Methods: Ten physicists reviewed 46 high-risk failure modes reported in Table S1.A.i of the TG 275 report. The committee identified steps in our planning process which sufficiently checked each failure mode. Failure modes that were not covered were noted for follow-up. A multidisciplinary committee reviewed the narratives of 1599 locally-reported incidents in our radiation oncology incident learning system (ROILS) database and categorized each into the high-risk TG 275 failure modes.
Results: We found that over half of the 46 high-risk failure modes, six of which were top-ten failure modes, were covered in part by Daily Contouring Peer-Review Rounds, upstream of the traditional initial plan check.
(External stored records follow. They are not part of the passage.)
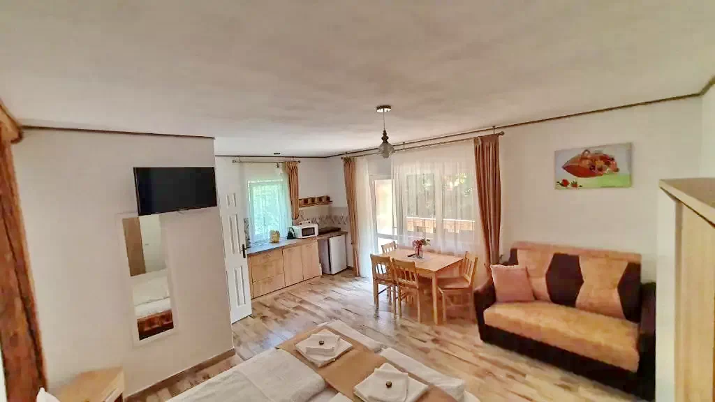 - 1 pat matrimonial mare și 1 canapea extensibilă (pentru 2 adulți și 2 copii sau 3 adulți).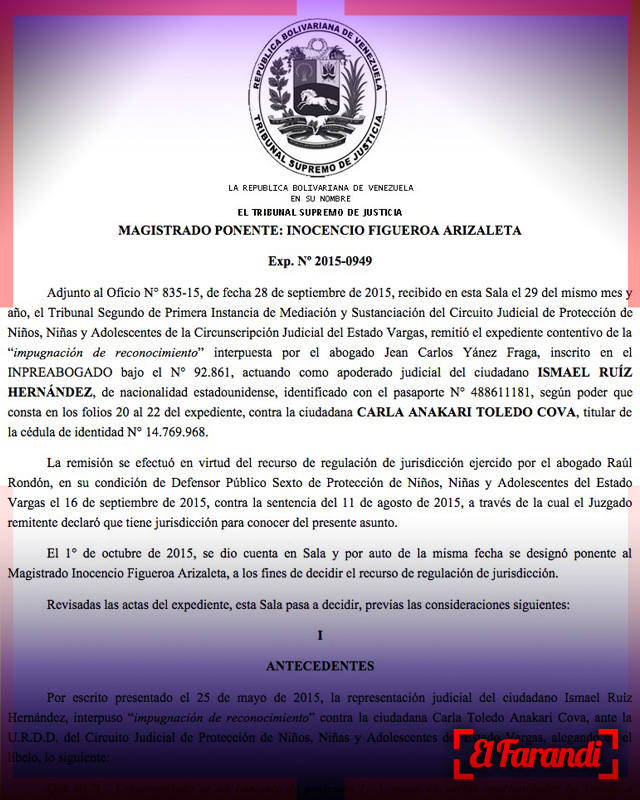 El documento fue emitido el día 17/11/2015 por la Sala Político Administrativa del Tribunal Supremo de Justicia donde da razón al apoderado del cantante de salsa, argumentando que el PODER JUDICIAL TIENE JURISDICCIÓN para conocer y decidir la “impugnación de reconocimiento”.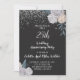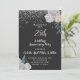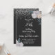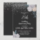Une élégante invitation de fête d'anniversaire de mariage de 25 ans avec paillettes d'argent sur des bordures florales de roses noires et blanches et une typographie script blanche.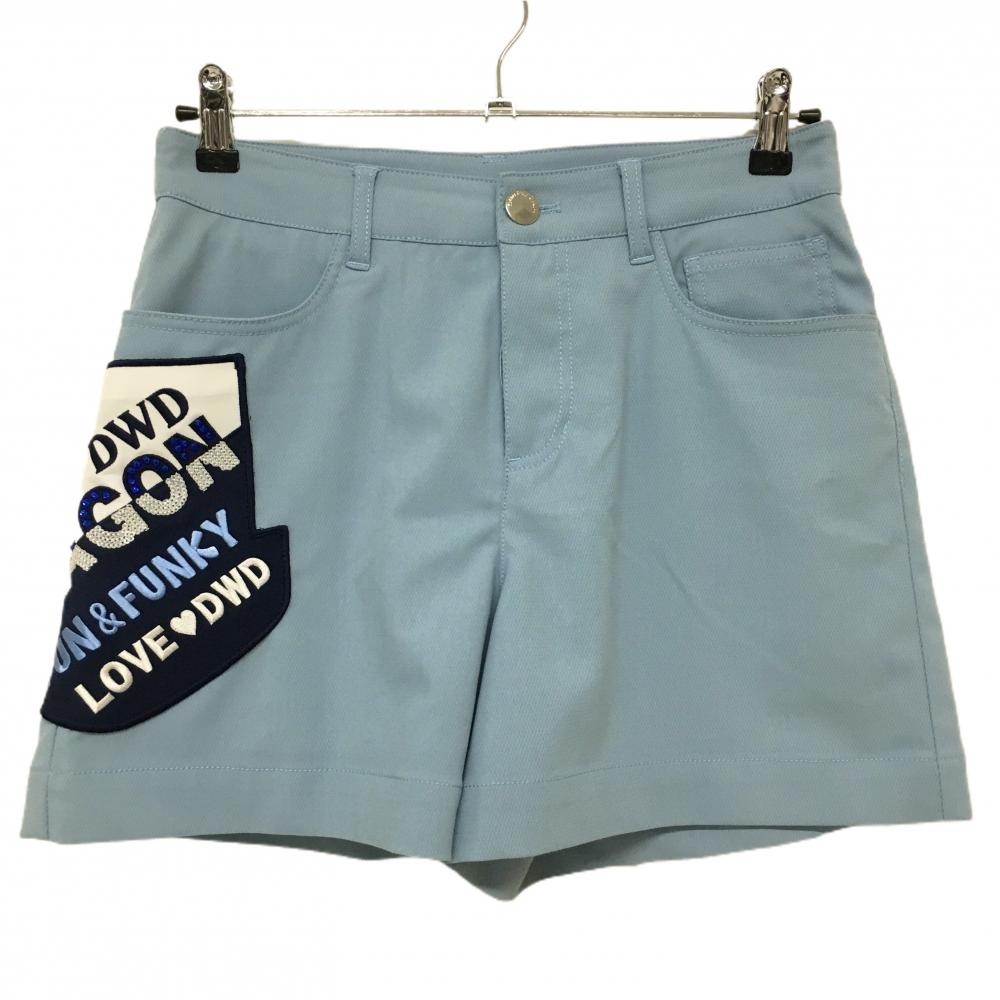【超美品】ダンスウィズドラゴン キュロットスカート ライトブルー ロゴ黒 レディース 2(M) ゴルフウェア Dance With Dragon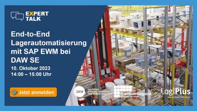 Im Expert-Talk des IT-Onlinemagazins geht es um die ganzheitliche Automatisierung der Intralogistik mit SAP-Lösungen bei der DAW SE, Europas größter privater Hersteller von Baufarben und Wärmedämmung. Am 10. Oktober beantworten Jörg Martin, Leiter Fertigwarenlager bei der DAW, und LogiPlus CEO Thilo Matheis die Fragen von Helge Sanden und Maike Rose vom IT-Onlinemagazin. Sie sprechen unter…Continue reading Expert-Talk: End-to-End Lagerautomatisierung mit SAP EWM bei DAW SE (Konferenz | Online)

Five failure modes were not adequately covered, three of which concerned pregnancy, pacemakers, and prior dose. Of the 1599 incidents analyzed, 710 were germane to the initial plan check, 23.4% of which concerned missing pregnancy attestations. Most, however, were caught prior to CT simulation (98.8%). Physics Review and Initial Plan Check were the least efficacious checks, with error detection rates of 31.8% and 31.3% respectively for some failure modes.
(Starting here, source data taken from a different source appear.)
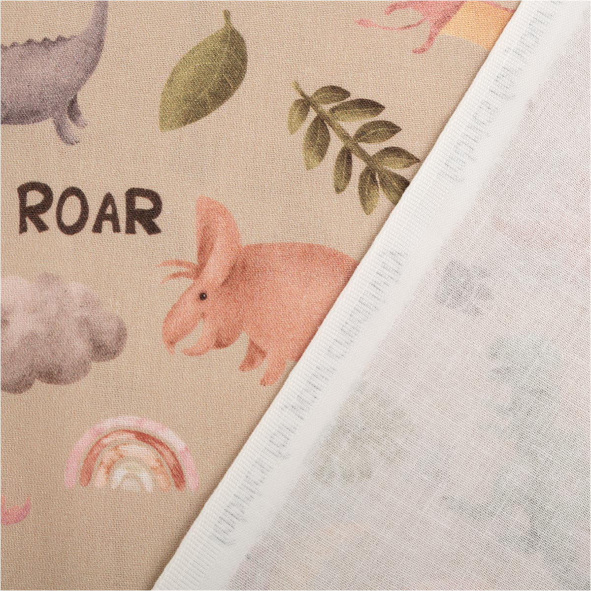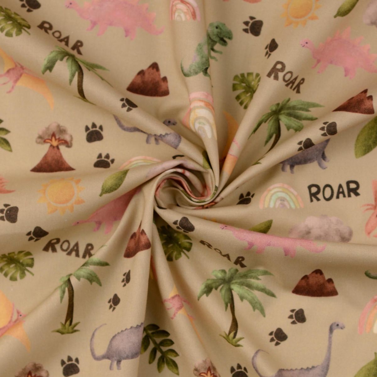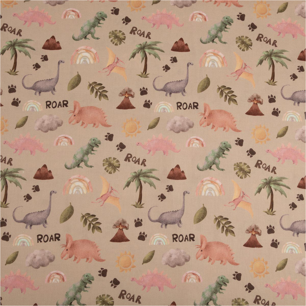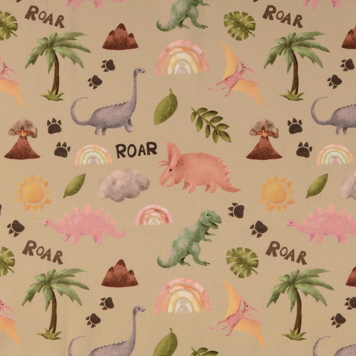 Baumwollstoff Dinosaurier Digitaldruck beige grün rosa 1,48m Breite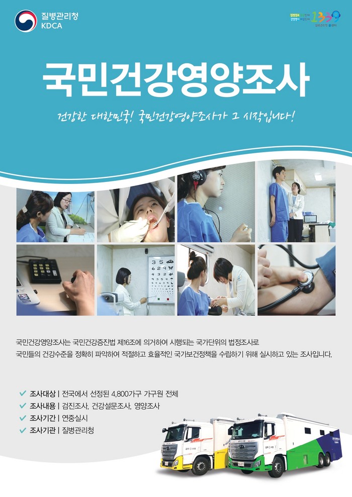 조사는 국민의 건강수준, 건강행태, 영양섭취 실태에 대한 대표성과 신뢰성을 갖춘 통계를 산출해 보건정책의 기초자료로 활용하는 전국 규모의 조사이다.
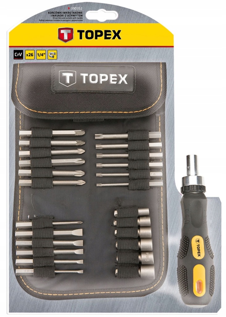 Końcówki wkrętakowe i nasadki z uchwytem, zestaw 26 szt., 1/4", uchwyt wkętakowy magnetyczny, 6 szt. nasadek wkrętakowych, rozmiary: 5, 6, 7, 8, 9, 10 mm, 18 szt. końcówek wkrętakowych, rozmiary; płaskie: 3, 4, 5, 6, 7 mm, krzyżowe PH0, PH1, PH2, PH3, PZ1, PZ2, PZ3, Torx: T10, T15, T20, T25, T27, T30, stal CrV, tekstylne etui
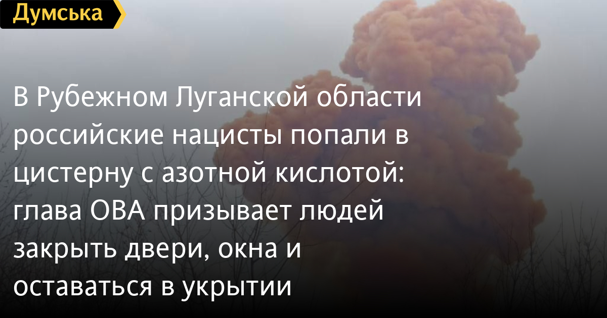 В Рубежном российские нацисты попали в цистерну с азотной кислотой. Об этом сообщает глава Луганской военной администрации Сергей Гайдай.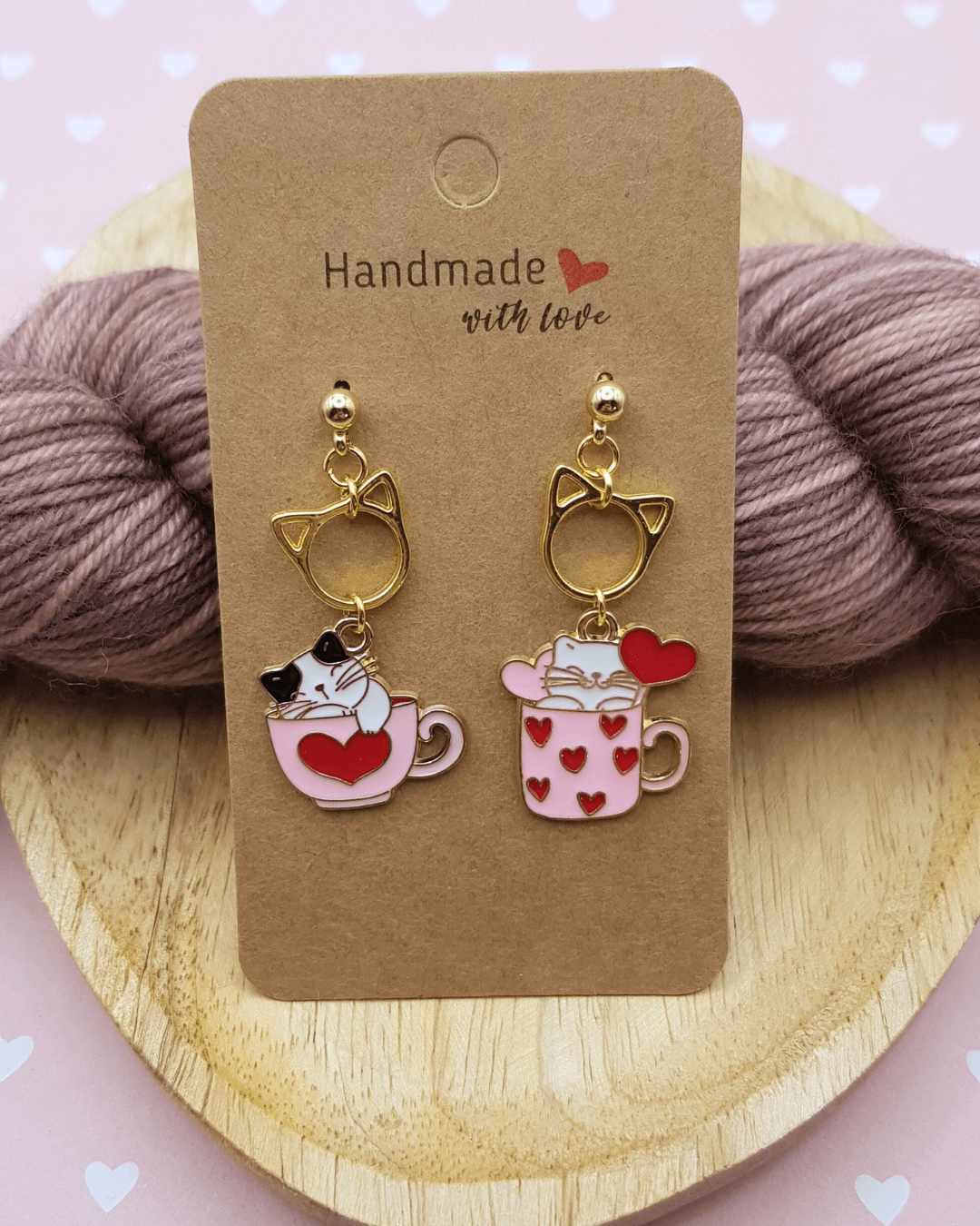 Inspirées des marqueurs de mailles iconiques du Repère des Tricopin(e)s, ces boucles d'oreilles chats tasse coeur sont pensées pour vous accompagner au quotidien 🤩.

Conclusion: Our QA process that included daily contouring rounds resulted in increased upstream error detection. This work has led to several initiatives in the department, including increased automation and enhancement of several policies and procedures. With TG 275 and MPPG 11.A as a guide, we strongly recommend that departments consider an internal chart checking policy and procedure review.